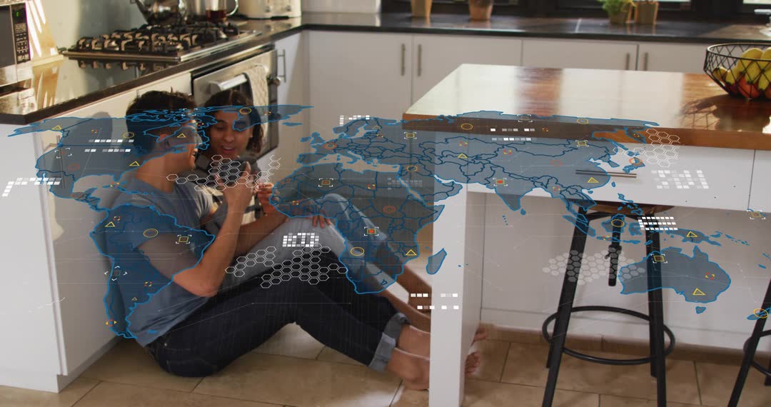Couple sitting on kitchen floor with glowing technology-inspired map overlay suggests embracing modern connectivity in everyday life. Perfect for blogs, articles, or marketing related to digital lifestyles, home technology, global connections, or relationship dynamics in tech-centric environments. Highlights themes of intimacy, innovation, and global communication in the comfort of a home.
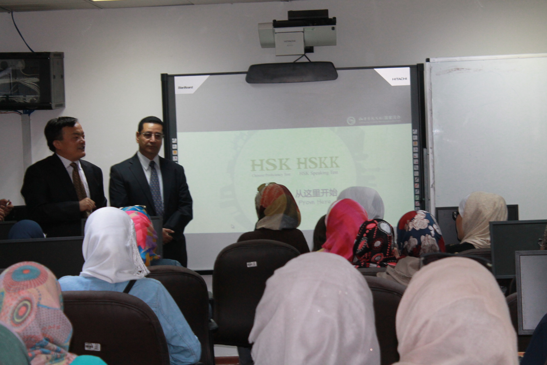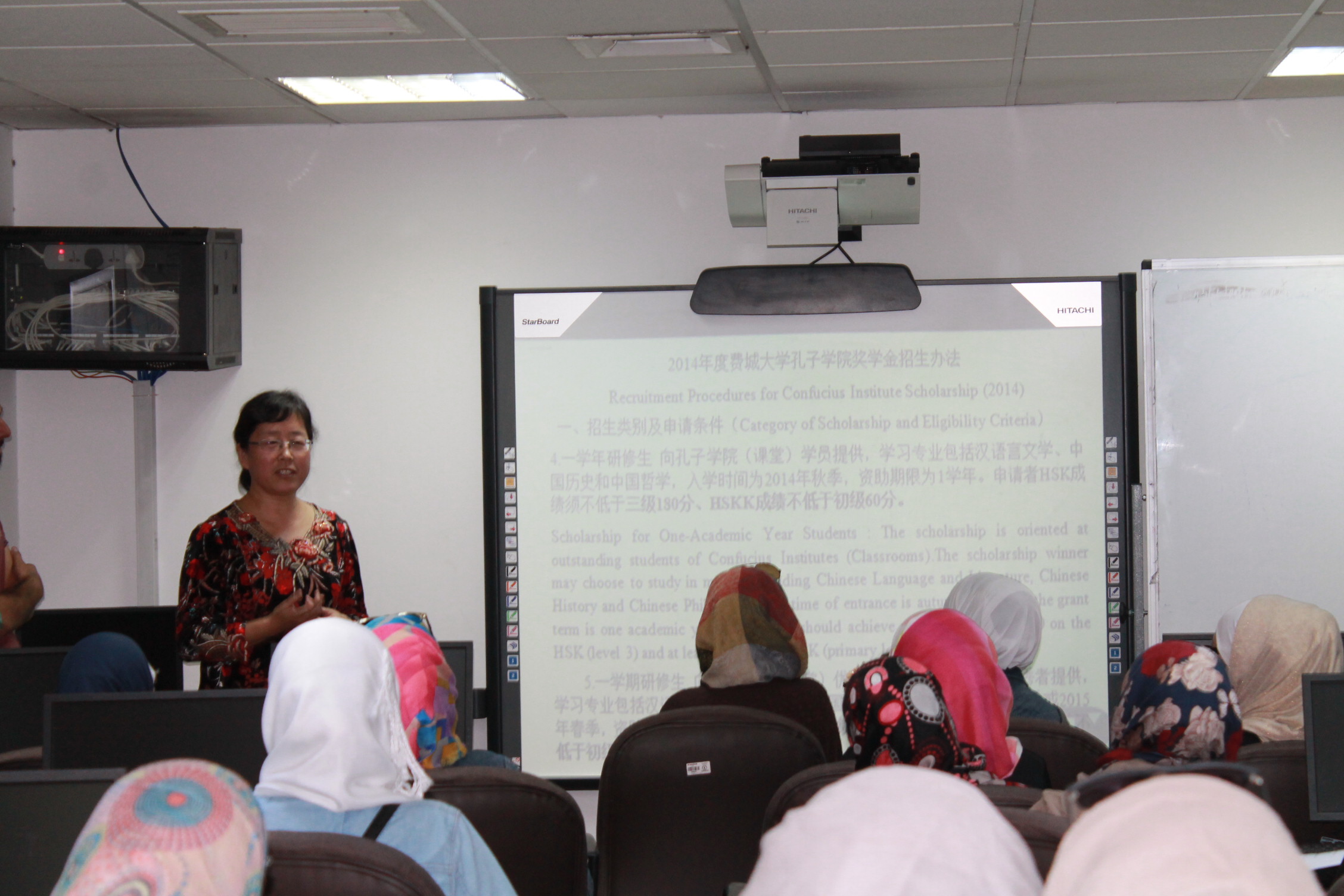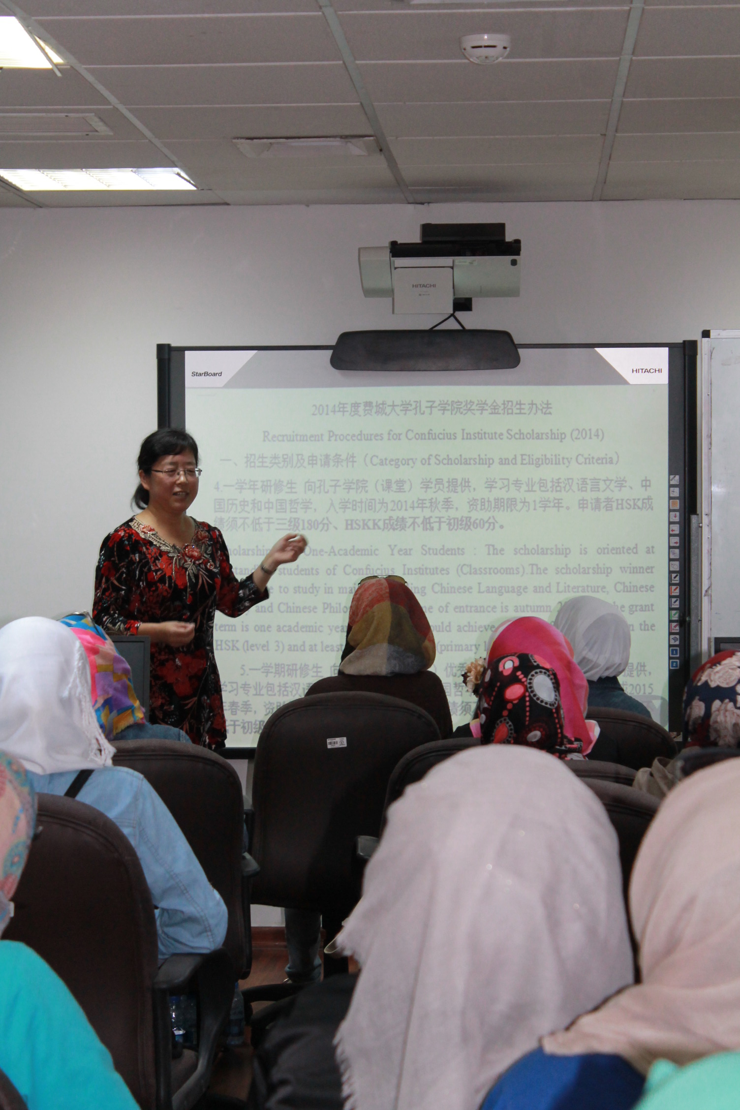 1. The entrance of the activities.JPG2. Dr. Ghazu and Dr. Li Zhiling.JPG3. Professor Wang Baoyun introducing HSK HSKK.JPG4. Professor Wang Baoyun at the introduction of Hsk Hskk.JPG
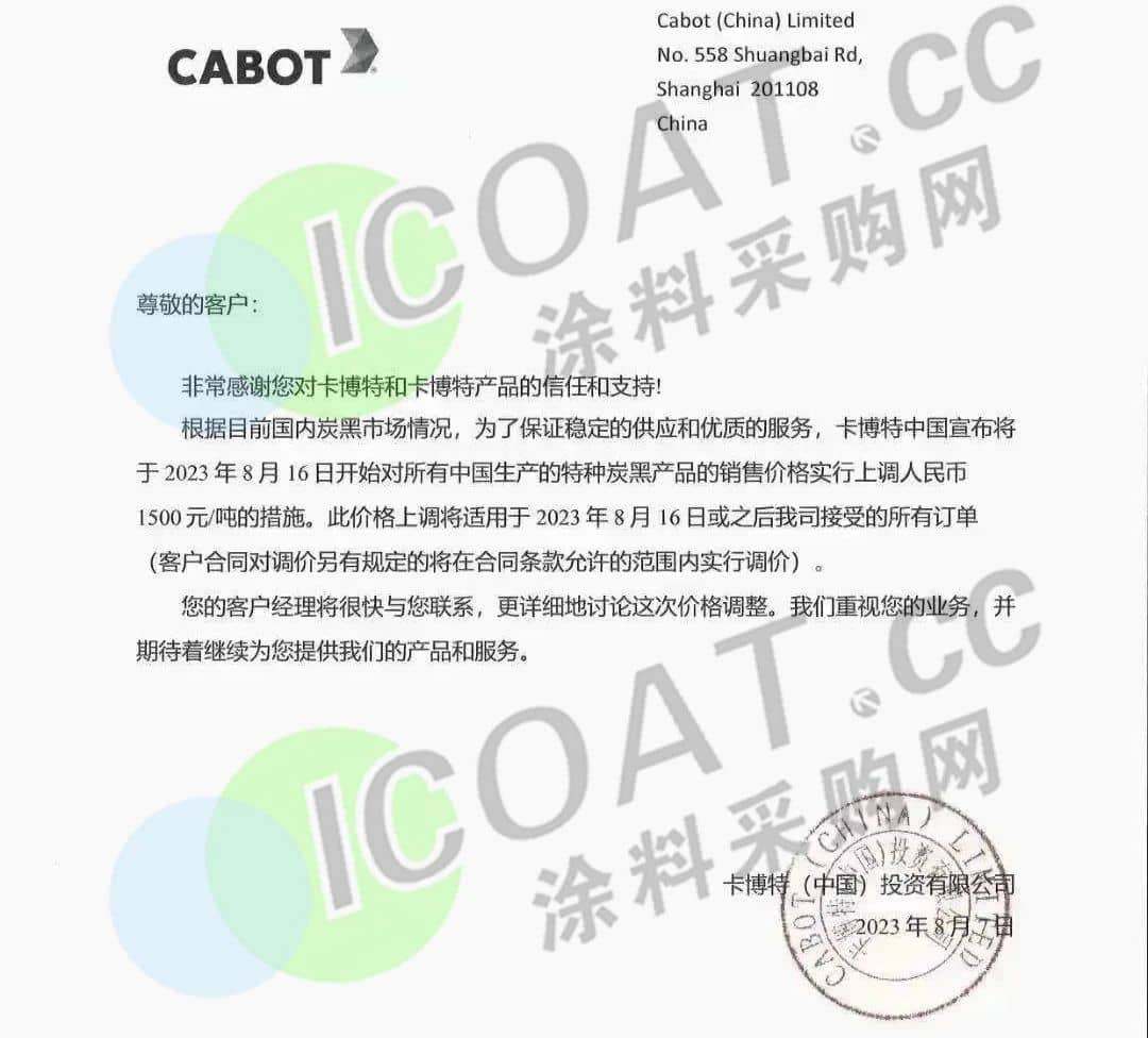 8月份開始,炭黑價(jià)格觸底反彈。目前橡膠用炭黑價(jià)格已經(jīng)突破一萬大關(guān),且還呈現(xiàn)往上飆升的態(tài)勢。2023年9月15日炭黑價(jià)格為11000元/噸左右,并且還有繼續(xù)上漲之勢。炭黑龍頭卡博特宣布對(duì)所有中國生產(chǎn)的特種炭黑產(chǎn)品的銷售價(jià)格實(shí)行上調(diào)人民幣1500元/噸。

===============

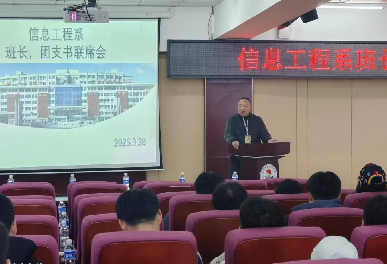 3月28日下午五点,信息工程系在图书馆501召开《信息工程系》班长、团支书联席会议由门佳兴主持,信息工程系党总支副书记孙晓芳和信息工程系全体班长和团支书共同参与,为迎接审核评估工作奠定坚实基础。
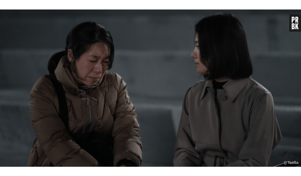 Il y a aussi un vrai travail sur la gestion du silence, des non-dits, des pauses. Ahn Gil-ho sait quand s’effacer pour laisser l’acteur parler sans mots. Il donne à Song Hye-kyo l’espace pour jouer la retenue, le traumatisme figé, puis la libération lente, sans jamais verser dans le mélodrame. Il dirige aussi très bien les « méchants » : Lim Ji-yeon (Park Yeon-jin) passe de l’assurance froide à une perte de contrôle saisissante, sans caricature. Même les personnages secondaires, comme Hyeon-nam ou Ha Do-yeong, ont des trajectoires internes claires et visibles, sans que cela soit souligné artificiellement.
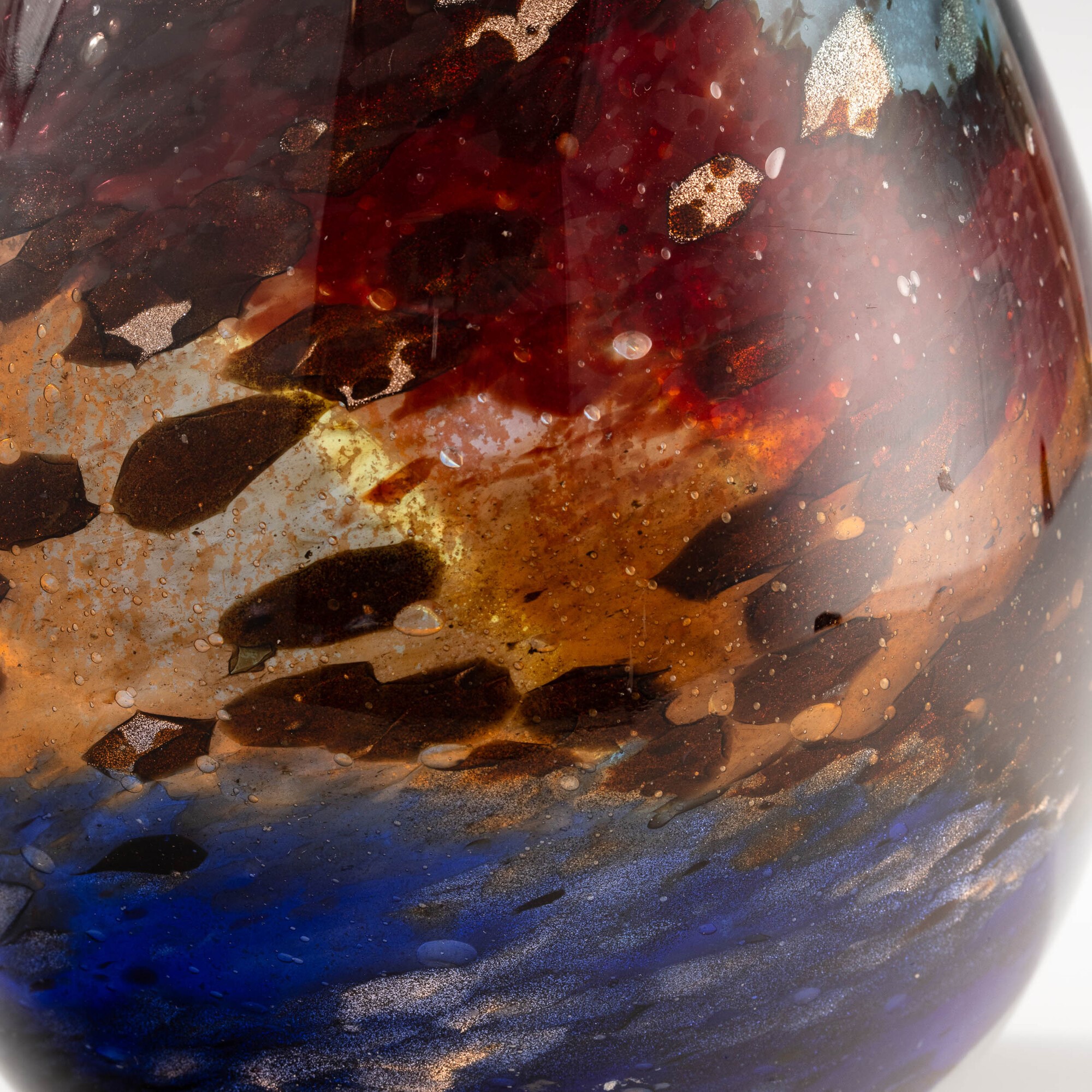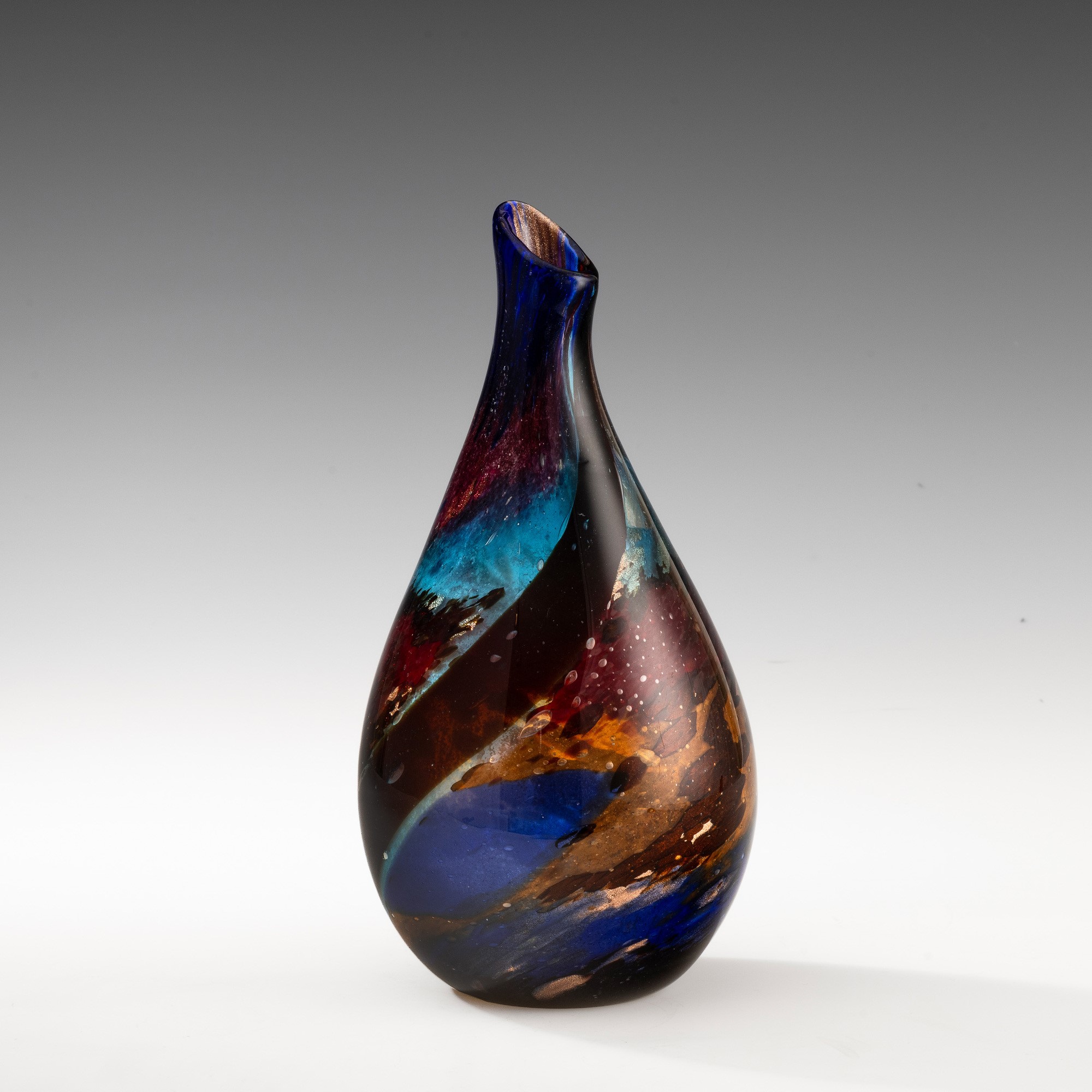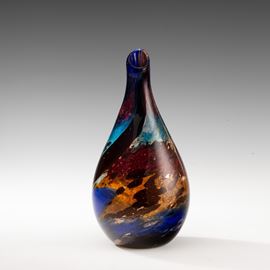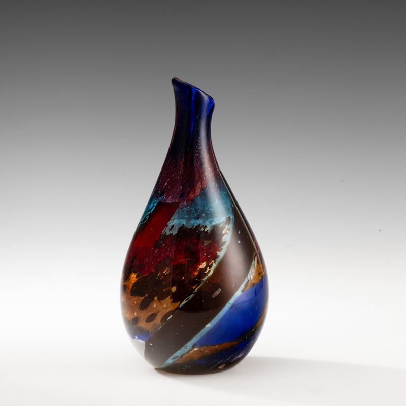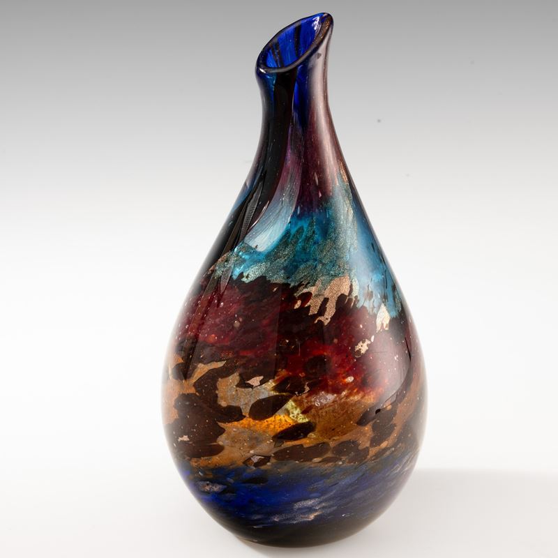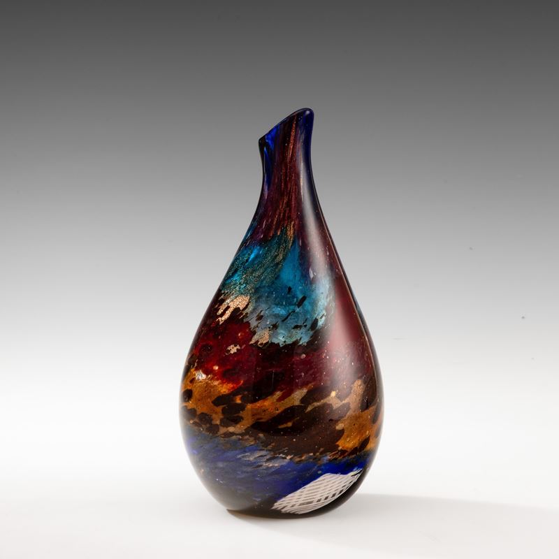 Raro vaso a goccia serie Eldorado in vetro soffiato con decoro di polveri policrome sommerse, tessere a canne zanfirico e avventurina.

===============

ABOUT THIS TASK =
In the material above, which lines fall between the one holding "3月28日下午五点,信息工程" and the one holding "Raro vaso a", inclusive? Print exactly those, with the pictures left out.

WRITTEN ANSWER =
 3月28日下午五点,信息工程系在图书馆501召开《信息工程系》班长、团支书联席会议由门佳兴主持,信息工程系党总支副书记孙晓芳和信息工程系全体班长和团支书共同参与,为迎接审核评估工作奠定坚实基础。
 Il y a aussi un vrai travail sur la gestion du silence, des non-dits, des pauses. Ahn Gil-ho sait quand s’effacer pour laisser l’acteur parler sans mots. Il donne à Song Hye-kyo l’espace pour jouer la retenue, le traumatisme figé, puis la libération lente, sans jamais verser dans le mélodrame. Il dirige aussi très bien les « méchants » : Lim Ji-yeon (Park Yeon-jin) passe de l’assurance froide à une perte de contrôle saisissante, sans caricature. Même les personnages secondaires, comme Hyeon-nam ou Ha Do-yeong, ont des trajectoires internes claires et visibles, sans que cela soit souligné artificiellement.
 Raro vaso a goccia serie Eldorado in vetro soffiato con decoro di polveri policrome sommerse, tessere a canne zanfirico e avventurina.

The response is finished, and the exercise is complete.